Welcome back to everyone who skips the jazz and movies.

Tonight’s question is about the Yu Darvish trade to the Padres, which was completed a year ago last week. New team president Jed Hoyer traded Darvish to the Padres after he was told to cut payroll following the abbreviated 2020 season with no fans. In exchange for Darvish and catcher Victor Caratini, the Cubs got infielders Reginald Preciado and Yeison Santana as well as outfielders Owen Caissie and Ismael Mena. Oh, they also got pitcher Zach Davies, about whom the less said, the better.

The trade was incredibly unpopular around here when it was made, as 55 percent of you gave it a “Nay!” in our readers’ poll and only 15 percent liked it. (The rest of you gave it the lovely “meh” grade.)

But I was wondering what you all thought of the Darvish deal a year later? Darvish was very good for the Padres in the first half of 2021, but he struggled down the stretch. Many have connected his decline to the crackdown on the use of foreign substances, but that’s just speculation at this point. Caratini became the Padres’ starting catcher by default, but his 0.0 bWAR doesn’t make it seem like the Cubs took a big loss there. On the other hand, throughout most of the 2021 season, the Cubs would have killed for a backup catcher with a 0.0 WAR.

As far as the players the Cubs got back, I can promise you that both Owen Caissie and Reginald Preciado will end up on my Top Ten Cubs prospect list when it is finally unveiled. Both players look like they could be a part of the Cubs future, although they are still both a long way away from the majors and there are no guarantees.
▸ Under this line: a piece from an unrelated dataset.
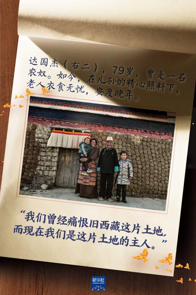“民主改革后我才真正睡了一個(gè)踏實(shí)覺,不再?zèng)]日沒夜地支差役,也不用挨農(nóng)奴主的皮鞭了?!蹦悄辏_(dá)國杰一家分得了50畝地、1頭牛、1匹馬和15只羊?!坝辛俗约旱耐恋?,干再累的活都是開心的。那一年我第一次吃糌粑可以吃到撐,真正體會(huì)到了做人的滋味。”

I don’t expect it, but it is possible both of them wash out in Double-A.

Santana, however, struggled last season as did Mena, although Mena is two years younger and he did show some promise beyond the numbers. Mena’s struggled as he was young for his level while Santana’s struggles were as someone who was right about at the right age for his level.
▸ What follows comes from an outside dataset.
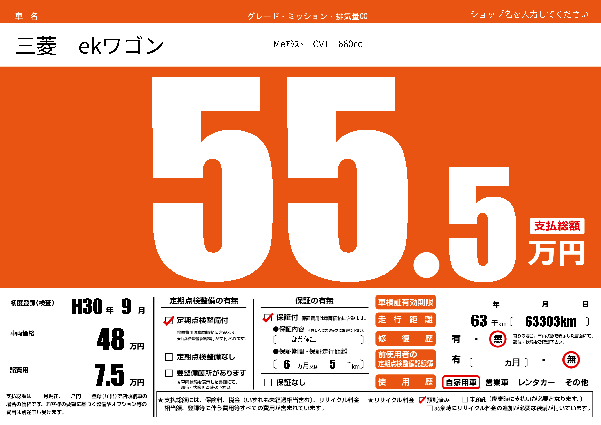 | 車名 | 三菱 ekワゴン | グレード ミッション 排気量 |

So how do you feel about the Darvish trade now? Did you hate it back then but like it now? Do you still hate it? Or maybe you’re just “meh” about the entire thing?

Poll

My feelings on the Darvish trade are . . .

This poll is closed

  • 29%
    I hated it back then and I still hate it
    (71 votes)
  • 27%
    I hated it back then but now I like it
    (65 votes)
  • 28%
    I liked it back then and I still like it
    (67 votes)
  • 0%
    I liked it back then and now I don’t
    (0 votes)
  • 14%
    I’ve always been "meh"
    (35 votes)
238 votes total Vote Now

If you were “meh” back then and have changed your mind, just pick the choice that is the closest description of your feelings.